HOW TO COMPLETE THIS TASK >>
From the records below, please print only the lines from the one containing "NAVEED UL HAQ" through the one containing "Metals treatment plant", both included. Skip the pictures.

PROVIDED INFORMATION >>
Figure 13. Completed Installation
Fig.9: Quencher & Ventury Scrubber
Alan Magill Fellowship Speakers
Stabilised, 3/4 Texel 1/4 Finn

---

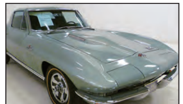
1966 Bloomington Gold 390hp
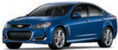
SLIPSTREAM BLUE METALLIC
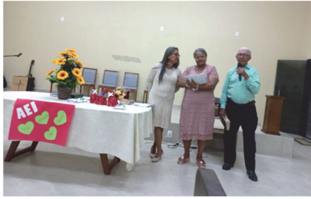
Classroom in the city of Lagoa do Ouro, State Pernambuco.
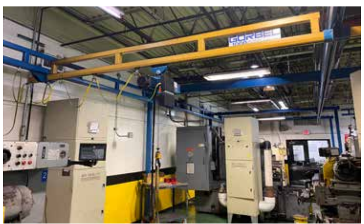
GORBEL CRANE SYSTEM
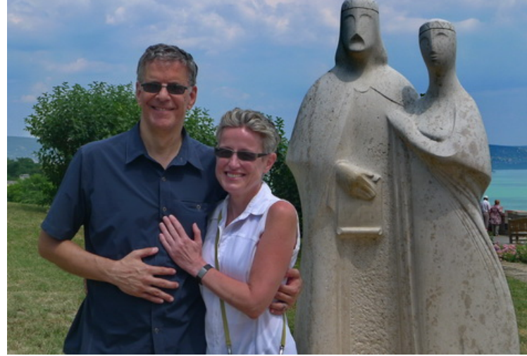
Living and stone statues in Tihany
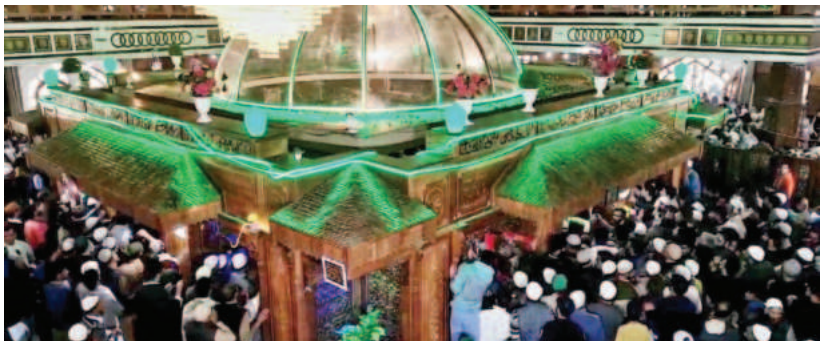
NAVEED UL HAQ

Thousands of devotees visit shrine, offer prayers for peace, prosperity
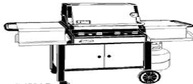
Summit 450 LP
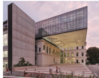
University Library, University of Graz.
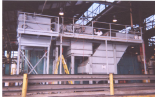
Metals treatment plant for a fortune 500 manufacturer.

...

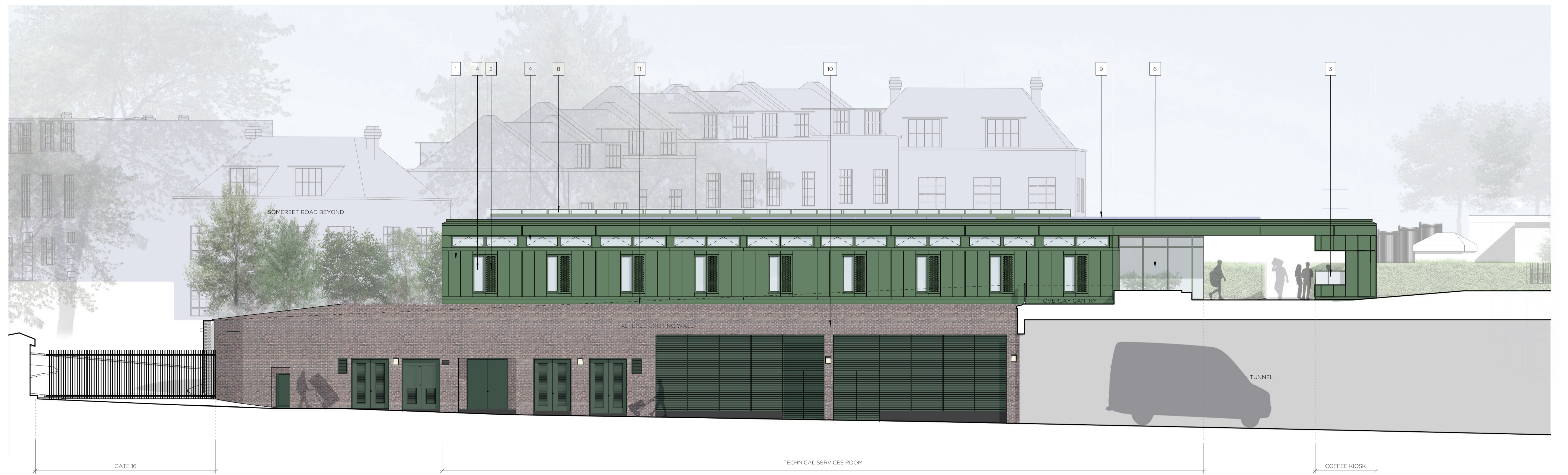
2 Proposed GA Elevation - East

WRITTEN ANSWER >>
NAVEED UL HAQ

Thousands of devotees visit shrine, offer prayers for peace, prosperity
Summit 450 LP
University Library, University of Graz.
Metals treatment plant for a fortune 500 manufacturer.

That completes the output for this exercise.